The complaint also asserts the DOJ has similarly overreached in its interpretation of the Violence Against Women Reauthorization Act of 2013 (VAWA) and states, “Even if VAWA specifically includes gender identity as a protected class, the North Carolina law is not discriminatory because it allows accommodations based on special circumstances, including but not limited to transgender individuals.”

Calling the DOJ’s threat “real but misplaced,” the complaint states: “North Carolina does not treat transgender employees differently from non-transgender employees.
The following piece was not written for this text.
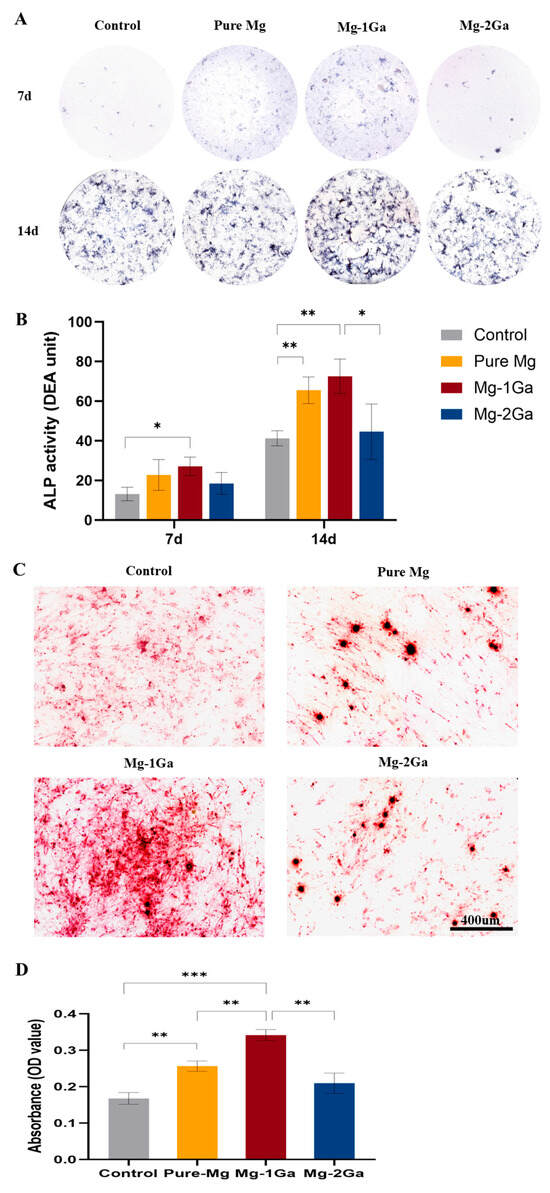 Figure 7C demonstrates images of alizarin red staining performed on each group, and the darkest staining of Mg-1Ga calcium deposits is seen. Figure 7D shows that calcium deposits were solubilized by CPC and quantitatively analyzed, and the results showed that calcium deposits in the Mg-1Ga group were significantly higher than the rest of the groups.
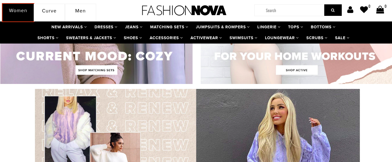 下の例では、トップの水平メニューに選択肢が多すぎます。もっと言うと、なぜ「Curve(グラマラスな体型)」が別カテゴリなのかがわかりません。

All state employees are required to use the bathroom and changing facilities assigned to persons of their same biological sex, regardless of gender identity, or transgender status.

The complaint cites a number of cases in which courts have consistently found Title VII does not protect transgender or transsexuality and says defendants threaten to force plaintiffs to implement their reinterpretation of Title VII and VAWA while “ignoring the bodily privacy rights of plaintiffs’ employees,” which it claims would “expose plaintiffs to actual liability under Title VII, VAWA, and other provisions protecting the bodily privacy rights of employees in the workplace.

Because there is an actual controversy between the parties over whether plaintiffs may follow North Carolina law regarding bathroom and changing facility use, plaintiffs claim: “A declaratory judgment will serve a useful purpose in clarifying and settling the legal issues, and will afford relief from uncertainty, insecurity, and controversy giving rise to the proceeding.”

Plaintiffs seek a declaration from the court that they are not violating Title VII or VAWA by following state law regarding bathroom and changing facility use.

Just hours after McCrory filed the complaint, the DOJ filed a countersuit against North Carolina with Lynch calling HB2 “state sponsored discrimination against transgender individuals.”